In the first part of my talk I will give an introduction to the concept of neural-network quantum states (NQSs) used as variational functions in the Monte Carlo studies of frustrated quantum spin systems. I will focus on basic principles of the method, the general motivation to use these non-standard variational functions, as well as about their relation with machine learning techniques. 
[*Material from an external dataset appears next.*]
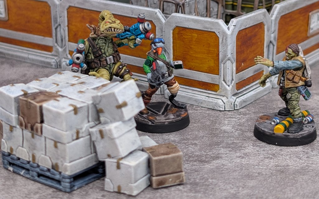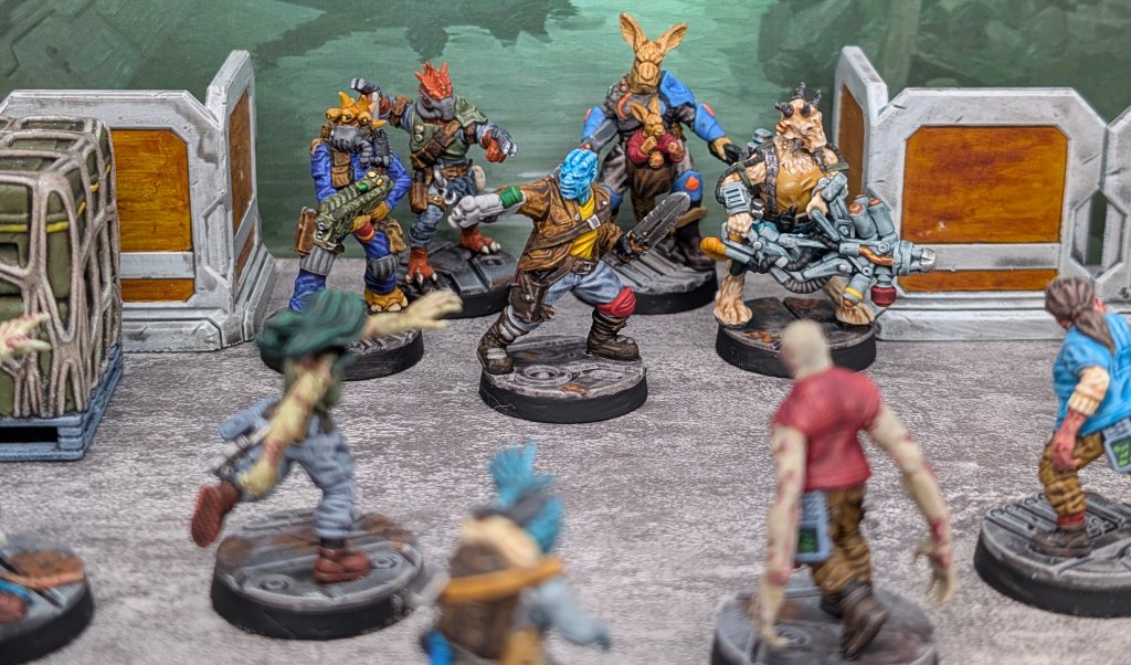 With a solid CLANG! the Maverick docked with the station. With assorted clanks, rumbles and hisses the two systems connected, then the red lights above the lock cycled to green. The doors opened to the interior of the airlock, past the already open inner portal and then onto the station corridor. Ahead of them, the crew saw the backs of a number of what must have been station personnel. The figures turned to face the noise of the opening airlock – but there was something wrong. All of them were disfigured and, well, wrong. Their skin was discoloured and covered with sores and blisters, and many had weirdly misshapen limbs. The closest of them, a female with strangely green hair, opened her mouth to reveal a set of what could only be described as fangs, and hissed.

In the second part of the talk I will discuss in detail our recent results sumarized in Ref.[1] where we have utilized neural-network quantum states (NQSs) to investigate the ground-state properties of the Heisenberg model on a Shastry-Sutherland lattice via variational Monte Carlo method. We have shown that already relatively simple NQSs can be used to approximate the ground state of this model in its different phases and regimes. We have compared several types of NQSs with each other on small lattices and benchmarked their variational energies against the exact diagonalization results. We have then argued that when precision, generality and computational costs are taken into account, a good choice for addressing larger systems is a shallow restricted Boltzmann machine NQS. I will show during the talk that such NQS can describe the main phases of the model in zero magnetic field. Moreover, NQS based on a restricted Boltzmann machine correctly describes the intriguing plateaus forming in magnetization of the model as a function of increasing magnetic field.

[1] M. Mezera, J. Menšíková, P. Baláž, M. Žonda, Neural Network Quantum States analysis of the Shastry-Sutherland model arXiv:2303.14108 (2023)